2.2. Inclusion and exclusion criteria

The studies included in our analysis adhered to the following inclusion criteria: (A) Human-based research; (B) Case-control or cohort study design; (C) Availability of valid data; (D) Investigation into CYP17A1 rs743572 polymorphism’s relationship with cancer; (E) Controls meeting Hardy-Weinberg Equilibrium (HWE), with P > 0.05. P > 0.05 represents genetic equilibrium in the population [8]. Additionally, the exclusion criteria was: (A) Case-only/non-cancer subject-only research; (B) Repetitive research; (C) Assembly abstracts.

2.3. Data screening

Valid data were screened independently by two researchers, encompassing first author’s name, publication date, origin country, ethnicity, cancer type, and control source, as well as cases and controls’ numbers in each study.

2.4. Quality evaluation

Each study’s quality was independently evaluated by two researchers with the quality assessment criteria outlined in S1 Table, as previously described [9]. The following aspects were involved: cancer case ascertainment (0–2), case representation (0–2), control representation (0–3), control selection (0–2), genotyping examination (0–2), adherence to HWE (0–1), and total sample size (0–3). Total scores ranged from 0 to 15, with studies scoring > 9 points categorized as high quality.

2.5. Statistical analysis

Statistical analysis was conducted using Stata software (Version 12.0, StataCorp, College Station, TX, USA). The association between the CYP17A1 rs743572 polymorphism and cancer risks was assessed using odds ratio (OR) and 95% confidence interval (CI). Dominant, recessive, homozygote, heterozygote, and allele models were employed for analysis. Cochrane Q-test and P-values were applied for heterogeneity evaluation: random-effects model with P ≤ 0.10 or I2 ≥ 50%; fixed-effects model otherwise. Information was stratified according to ethnicity, control source, and cancer type. Publication bias was assessed through Begg’s test and Egger’s test.

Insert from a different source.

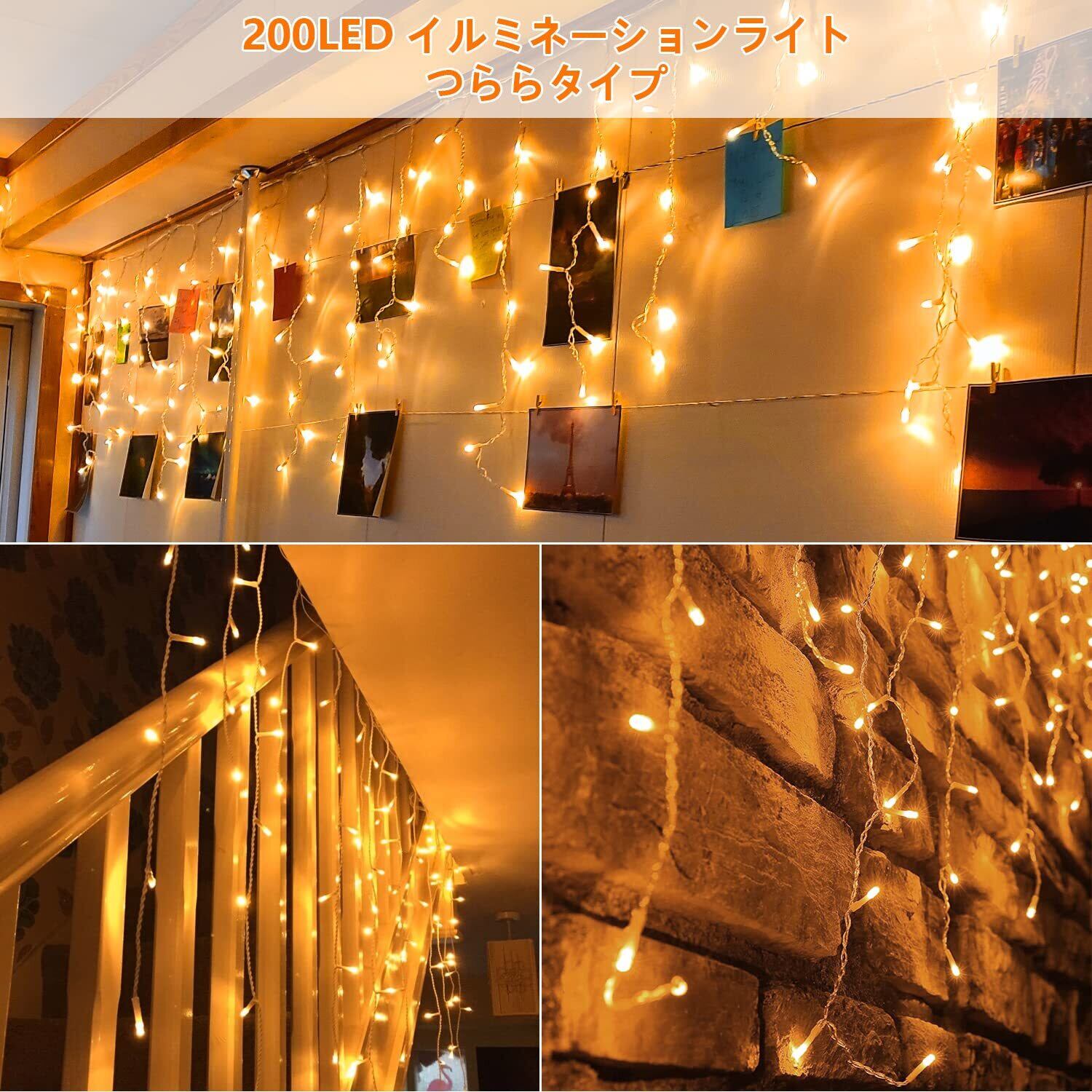 ◆【アイシクルライト】つららライトは横に伸びたコードから不規則な長さでLEDライトが垂れ下がっているのが特徴です。その特徴を活かして、建物の軒下によく使用されております。コードを伸ばすと、LED電球がつらら状に垂れ下がり真冬の氷柱が輝いているような演出が可能になります。仕様: LED配列: 3-7-4-6, 40列 ; 電球数:200球;コード間隔:16cm;発光色: ウォームホワイト

Study reliability was evaluated by analyzing sensitivity. P < 0.05 represented statistical significance. False positive report probability (FPRP) analysis was carried out as previously mentioned [10], which assumed 0.1 as the prior probability, with an FPRP threshold of 0.2 considered noteworthy [11]. To address potential biases from sparse data that may impact meta-analyses, trial sequential analysis (TSA) was conducted using the Copenhagen Trial Unit’s software (Denmark, 2011). The study parameters included overall type–I error (5%), test power (80%), and relative risk reduction (20%).

3. Results

3.1. Study selection

Our search strategy yielded 428 articles. Following evaluating titles and abstracts, 35 articles met our inclusion criteria. Upon a thorough examination of the full texts, 8 articles were excluded. This exclusion comprised three articles that did not address the association between CYP17A1 rs743572 polymorphism and cancer susceptibility, two review articles, and three that lacked detailed genotyping data. Ultimately, 27 articles, encompassing 29 studies (13,767 cases; 17,441 controls) were included [1238]. The screening process is illustrated in Fig 1.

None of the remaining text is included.